On a lu… Les Gardiens de la Galaxie – Tome 1 : Héritage

On a lu… Les Gardiens de la Galaxie – Tome 1 : Héritage

Note de l'auteur
Tome 1

Tome 1

Les forces du mal du vide sidéral, ils pourront les briser ! Qui ça ? Mais les Gardiens de la Galaxie bien sûr ! Alors que le film vient de débouler sur nos écrans, il était assez logique de revenir sur la BD sans qui rien ne serait arrivé. Et quand en plus on a affaire à un récit génial ce n’est plus de logique dont nous parlons mais de véritable déclaration d’amour.

 

Si l’équipe des Gardiens de la Galaxie date de 1969, l’incarnation moderne de celle-ci est beaucoup plus récente. Participant à la reconstruction de l’empire Kree après la guerre contre Annihilus, Peter Quill alias Star-Lord (ancien héros galactique, plus récemment taulard, et enfin aide de camp de Richard Rider, alias Nova) va être involontairement à l’origine d’un nouveau conflit galactique quand la Phalanx infiltrera le réseau de défense des Krees que Quill avait restauré.

 

Guardians of Galaxy#2

Guardians of Galaxy#2

Alors que la planète est envahie par cette race techno-organique, Peter se voit confier une mission quasi-suicidaire.

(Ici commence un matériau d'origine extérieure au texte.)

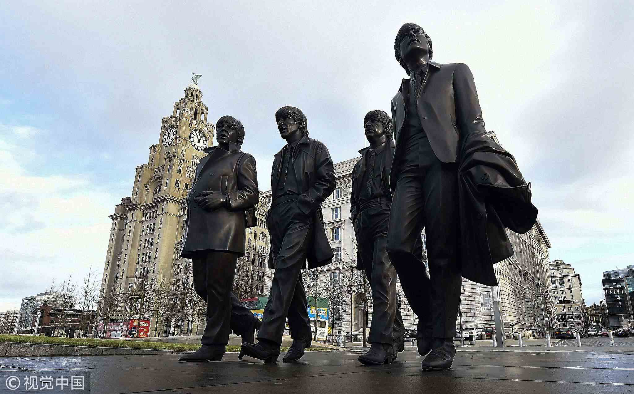 A picture shows a statue of British band The Beatles, featuring (L-R) musicians Paul McCartney, George Harrison, Ringo Starr and John Lennon, created by sculptor Andy Edwards and unveiled in Liverpool, north-west England on December 4, 2015, fifty years after their final performance in the city. /VCG Photo

Afin de la remplir il va réunir une équipe composée d’anciens prisonniers se voyant promettre la libération en cas de succès : Mantis une télépathe et devineresse, Captain Universe, Bug, Deathcry, Rocket Raccoon et Groot (on supposera que vous n’avez pas vécu en ermite depuis six mois et que vous voyez qui sont ces deux-là). A la surprise de tous, la mission fut un succès malgré les pertes et la Phalanx fut vaincue. C’est sur les cendres de ce conflit (que l’on peut lire dans Annihilation Conquest et plus particulièrement dans la mini-série Star-Lord) que les scénaristes Dan Abnett et Andy Lanning fondèrent Les Gardiens de la Galaxie.

 

Convaincu qu’il est nécessaire d’être plus réactif et qu’il ne faut plus attendre que l’univers leur tombe une nouvelle fois sur la tête, Star-Lord persuade Nova de créer une équipe capable d’intervenir rapidement et de prévenir les menaces. Une sorte d’équipe de Black Ops spatiale en quelque sorte. Au groupe survivant du conflit contre la Phalanx (Mantis, Rockett Raccoon et Groot) vont se joindre Quasar (fille de Captain Marvell et détentrice des bracelets cosmiques), Drax (puissant guerrier errant sans véritable but depuis la mort de sa proie, Thanos), Gamora (surnommée, à raison, la femme la plus dangereuse de l’Univers) et Warlock.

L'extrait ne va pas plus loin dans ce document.